MATERIAL SUPPLIED:
===============
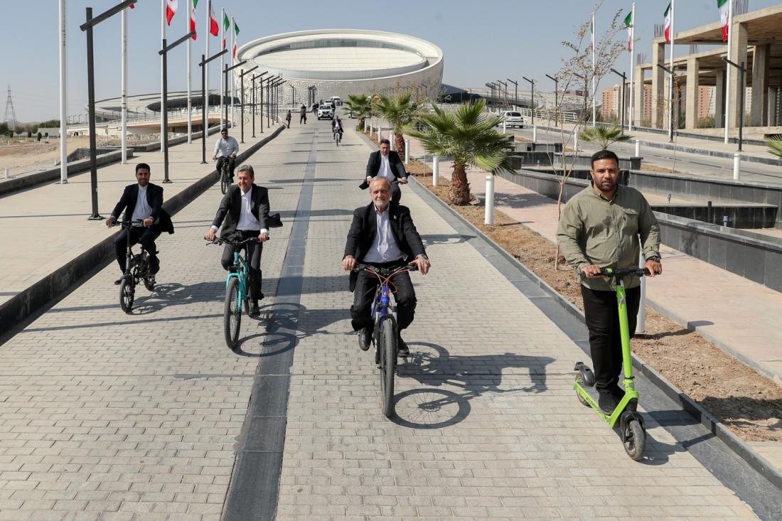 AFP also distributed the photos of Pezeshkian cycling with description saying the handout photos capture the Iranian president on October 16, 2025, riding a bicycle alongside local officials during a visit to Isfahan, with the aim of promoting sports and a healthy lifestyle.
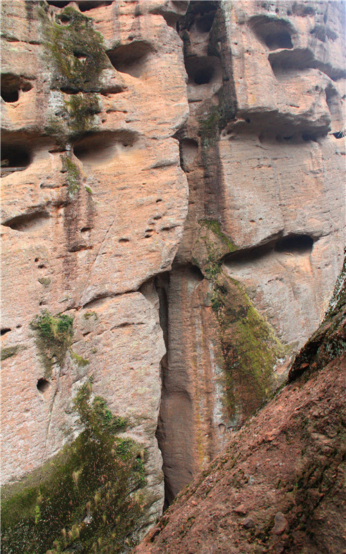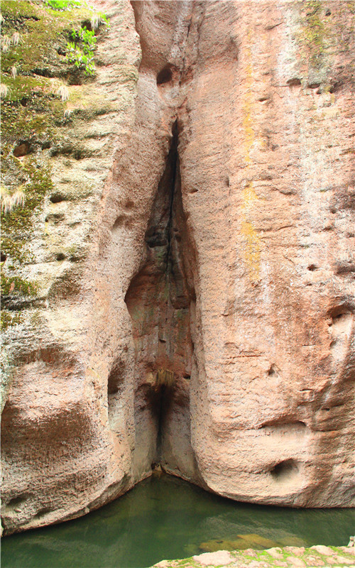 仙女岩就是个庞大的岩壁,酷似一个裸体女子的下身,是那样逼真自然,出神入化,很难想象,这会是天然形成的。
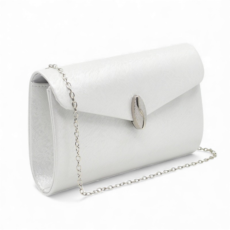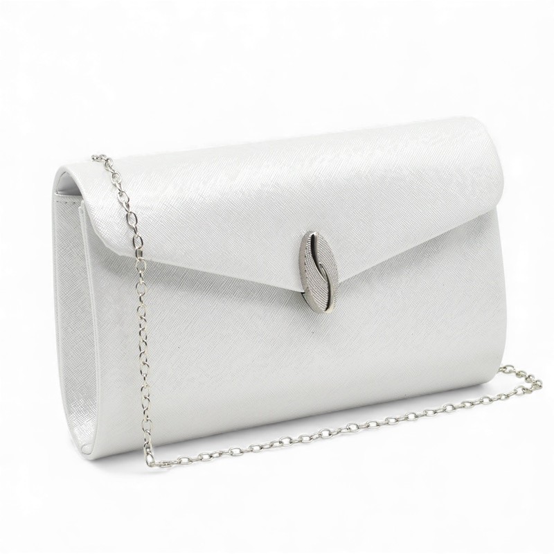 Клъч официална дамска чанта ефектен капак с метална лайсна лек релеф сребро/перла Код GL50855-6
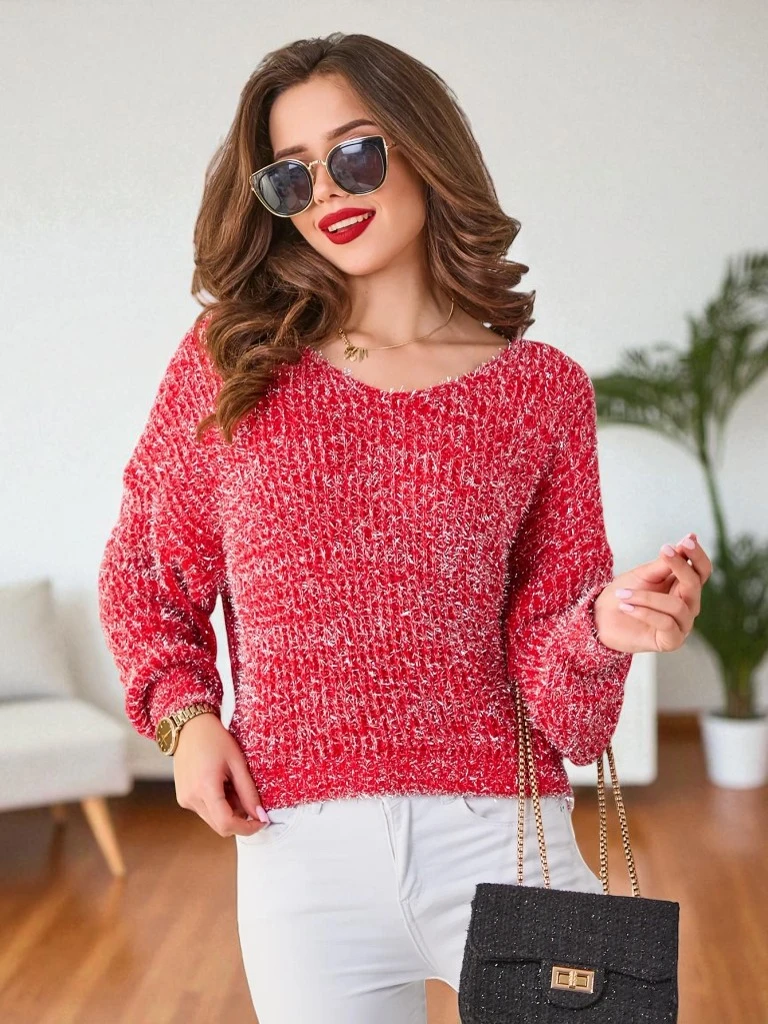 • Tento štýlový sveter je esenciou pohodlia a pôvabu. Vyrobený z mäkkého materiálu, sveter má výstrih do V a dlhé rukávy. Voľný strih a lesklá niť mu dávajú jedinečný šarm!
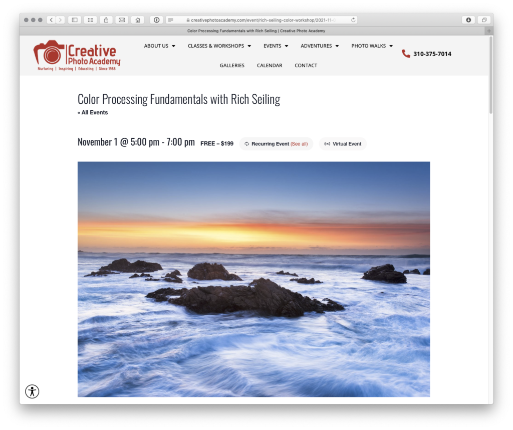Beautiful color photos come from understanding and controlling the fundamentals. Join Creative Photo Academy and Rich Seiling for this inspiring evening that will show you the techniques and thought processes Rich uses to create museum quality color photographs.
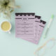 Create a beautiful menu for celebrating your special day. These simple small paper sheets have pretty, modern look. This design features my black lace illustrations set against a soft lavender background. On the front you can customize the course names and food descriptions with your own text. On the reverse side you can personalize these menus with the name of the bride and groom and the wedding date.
===============
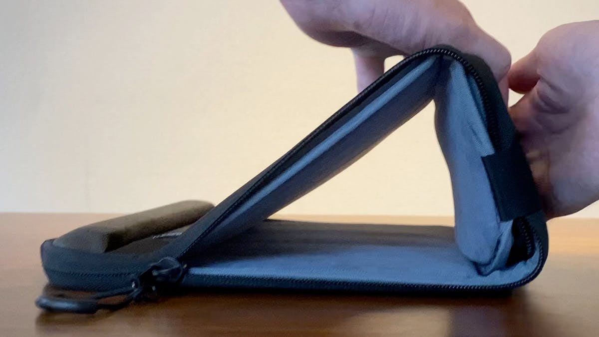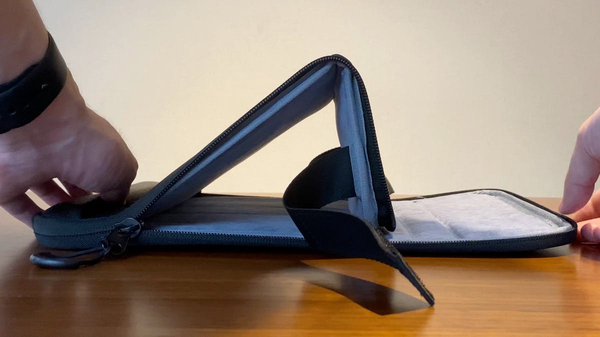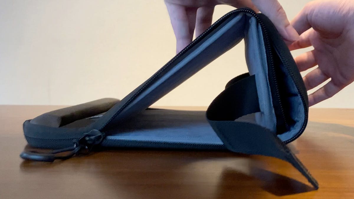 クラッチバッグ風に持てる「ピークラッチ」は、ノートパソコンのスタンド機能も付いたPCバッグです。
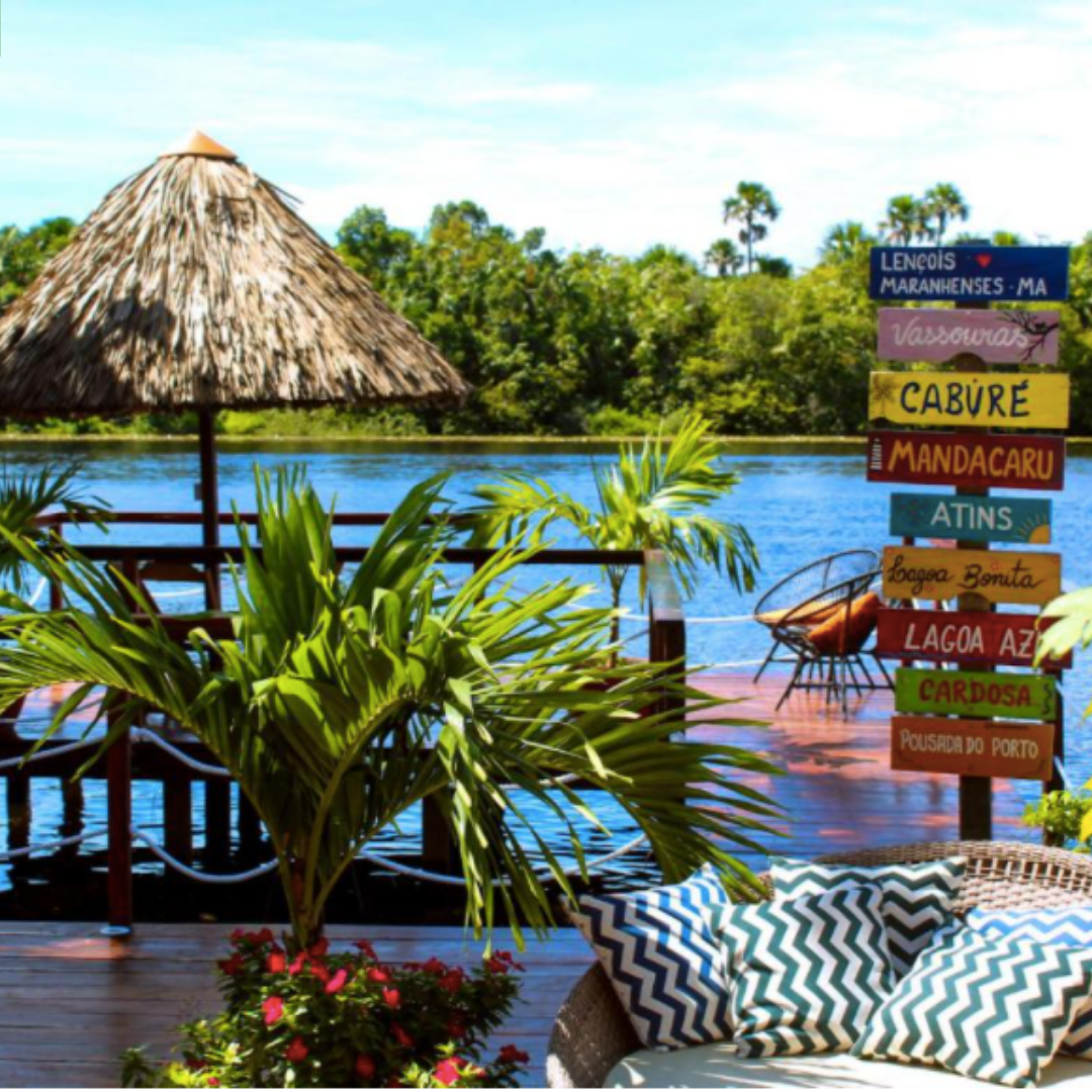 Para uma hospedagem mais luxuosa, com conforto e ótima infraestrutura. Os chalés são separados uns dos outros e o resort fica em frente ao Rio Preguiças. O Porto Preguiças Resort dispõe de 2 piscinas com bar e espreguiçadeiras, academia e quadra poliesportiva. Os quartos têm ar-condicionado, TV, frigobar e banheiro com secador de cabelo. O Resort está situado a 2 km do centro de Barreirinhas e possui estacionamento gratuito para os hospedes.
===============
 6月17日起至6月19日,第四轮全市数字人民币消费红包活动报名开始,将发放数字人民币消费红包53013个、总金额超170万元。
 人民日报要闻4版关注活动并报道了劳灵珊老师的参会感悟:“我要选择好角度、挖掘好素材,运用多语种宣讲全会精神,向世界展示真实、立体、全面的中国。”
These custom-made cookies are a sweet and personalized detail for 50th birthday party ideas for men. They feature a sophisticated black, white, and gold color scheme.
===============
WHAT TO WORK ON: Starting at the line with "人民日报要闻4版关注活动并报" and ending at the line with "These custom-made cookies", print each line of the listing above exactly, with no other lines.

RESPONSE TO THIS TASK:
 人民日报要闻4版关注活动并报道了劳灵珊老师的参会感悟:“我要选择好角度、挖掘好素材,运用多语种宣讲全会精神,向世界展示真实、立体、全面的中国。”
These custom-made cookies are a sweet and personalized detail for 50th birthday party ideas for men. They feature a sophisticated black, white, and gold color scheme.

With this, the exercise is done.